Argument :
Pour la psychanalyse, la haine est ce mouvement psychique fondamental, premier et nécessaire à la construction psychique car elle pousse à la séparation d’avec la mère. Le Moi primitif de l’infans perçoit l’extérieur comme étranger, et la haine sert à repousser ce qui menace son intégrité ou qui empêche le plaisir. Pour Freud l’objet naît dans la haine. Mais ce n’est pas parce qu’elle est première que le haine doit se faire le maître du jeu.
Plus tard, la haine peut être dirigée contre un frère/sœur, un rival, un parent décevant, ou un groupe, rendant la séparation difficile, car la haine s’articule souvent à l’amour pour un autre. Cette haine du rival, de l’amour déçu, de la jalousie, de la trahison, est liée à une clinique de l’amour ou de la lutte entre petits narcissismes. Lacan parle alors, d’« hainamoration » : haïr l’objet plutôt que renoncer à lui.

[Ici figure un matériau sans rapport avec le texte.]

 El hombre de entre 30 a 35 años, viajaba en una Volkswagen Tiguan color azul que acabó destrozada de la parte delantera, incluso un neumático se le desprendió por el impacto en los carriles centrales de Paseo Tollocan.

En cela, l’identification est ambivalente dès le début, le sujet devant à la fois s’appuyer sur l’objet et ne détruire ce qui ne le lui permet pas de construire une image de lui-même.

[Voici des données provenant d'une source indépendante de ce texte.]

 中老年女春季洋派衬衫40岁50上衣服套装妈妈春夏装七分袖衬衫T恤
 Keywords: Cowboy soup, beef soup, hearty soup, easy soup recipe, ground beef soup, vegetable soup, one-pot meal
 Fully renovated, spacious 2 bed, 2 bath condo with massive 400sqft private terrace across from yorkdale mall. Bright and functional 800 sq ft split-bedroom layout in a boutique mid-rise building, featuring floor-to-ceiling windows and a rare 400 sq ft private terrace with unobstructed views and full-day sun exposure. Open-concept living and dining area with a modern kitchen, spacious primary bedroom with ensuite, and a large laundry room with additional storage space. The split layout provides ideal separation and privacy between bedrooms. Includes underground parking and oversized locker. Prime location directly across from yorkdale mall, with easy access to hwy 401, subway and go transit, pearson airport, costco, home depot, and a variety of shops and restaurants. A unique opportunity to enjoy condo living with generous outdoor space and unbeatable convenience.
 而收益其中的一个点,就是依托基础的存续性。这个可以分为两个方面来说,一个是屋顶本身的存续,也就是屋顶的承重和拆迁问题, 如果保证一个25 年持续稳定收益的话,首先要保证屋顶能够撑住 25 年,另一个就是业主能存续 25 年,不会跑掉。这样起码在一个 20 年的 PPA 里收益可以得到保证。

Dans les évènements historiques, une haine primordiale revient se déchaîne lorsque la pulsion de mort se désunit de la pulsion de vie, devenant alors pure destruction : « Il est indéniable, écrit Freud, que dans le comportement des hommes, se manifeste une aptitude à la haine, une agressivité dont l’origine est inconnue, et à laquelle on serait tenté d’attribuer un caractère élémentaire[1] ».
Nous vivons un moment de l’Histoire d’exacerbation de la violence, de la banalisation de la haine et du meurtre d’une rare férocité, entre les personnes, et dans le collectif. Une organisation sociale de plus en plus basée sur des communautés d’identité telles que les groupes religieux ou les organisations nationalistes extrémistes, unis par un lien fusionnel avec le semblable qui exige de détruire l’ennemi, c’est à dire, tout ce qui est hétérogène à l’idéal du groupe. Une forme virulente de haine est le moteur de la terreur génocidaire : exterminer autrui, le réduire à néant. Et même lorsque l’ennemi est mort, la haine ne s’assouvit parfois pas, car il faut faire disparaître le mort lui-même qui continue à hanter.

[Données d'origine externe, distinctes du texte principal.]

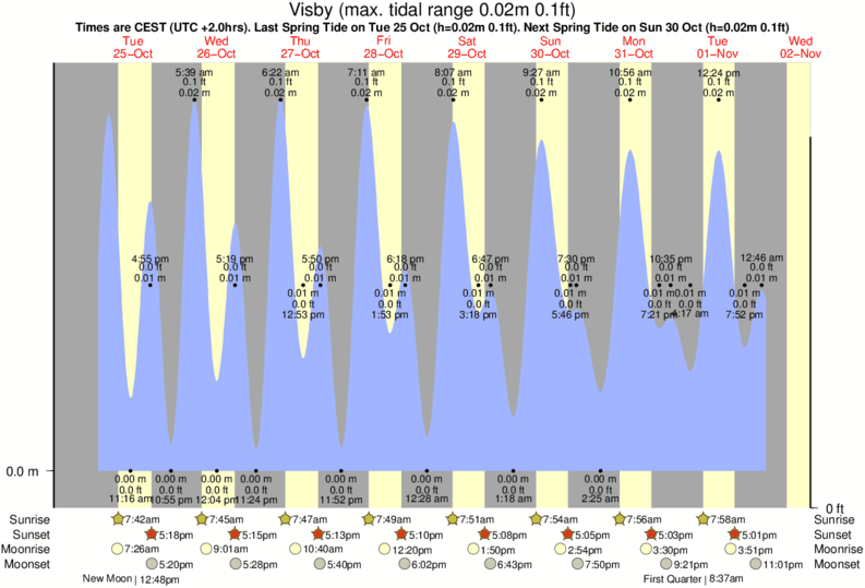 Tide chart for VisbyShowing low and high tide times for the next 30 days at Visby. Tide Times are CET (UTC +1.0hrs).

Jamais auparavant, l’affect de la haine n’a été autant « utilisé » par le politique, canalisée par lui comme exutoire dans des conflits identitaires, tribaux, religieux, nationalistes. L’histoire passée et actuelle ne manquent pas d’exemples de ces masses haineuses capables de toutes les cruautés au nom du « Un identitaire et purifié » de la fusion.
Rétablir le Califat contre un occident dominant, rendre à Israël et au peuple dit élu, sa terre d’origine au prix d’un génocide contre les palestiniens, rejeter les migrants subsahariens dans les confins du désert tunisien de peur qu’ils ne modifient par leur présence la composition de l’ADN du peuple tunisien, impliquent une haine froide qui vise l’extermination de l’autre, sans ambivalence ni culpabilité.
Le politique est concerné lorsqu’il pousse la communauté à retirer à l’autre tous les insignes de l’appartenance à la communauté humaine, abandonnés à un Autre inlassablement cruel et indifférent. N’est-ce pas ce que Mohamed Bouazizi nous a appris le 17 décembre 2011 lorsqu’il s’est immolé ? Que la haine radicale de l’Autre qui menace le sujet d’exclusion de la Cité et de l’humanité, renvoie à « la honte d’être un homme ». La haine et la violence portée contre soi ou contre l’Autre peut alors devenir le dernier ressort qui permet de retrouver un être au monde. C’est aussi ce que nous avons appris avec Franz Fanon à propos de la clinique du colonisé.
Ici, notre responsabilité individuelle et collective, nos positionnements politiques et nos engagements dans le monde sont convoqués. Que peut la parole ?
Dans les cures, le vocabulaire pour dire la haine est pluriel, souvent lié à une charge de culpabilité importante, un affect que le patient a souvent du mal à assumer :، الكره، الغيض، المقت، البغض والحقد الغلautant de signifiants qui méritent d’être dépliés dans leur rapport à l’inconscient.
[1] S. Freud, Psychologie des masses et analyse du moi, 1921, in Essais de psychanalyse.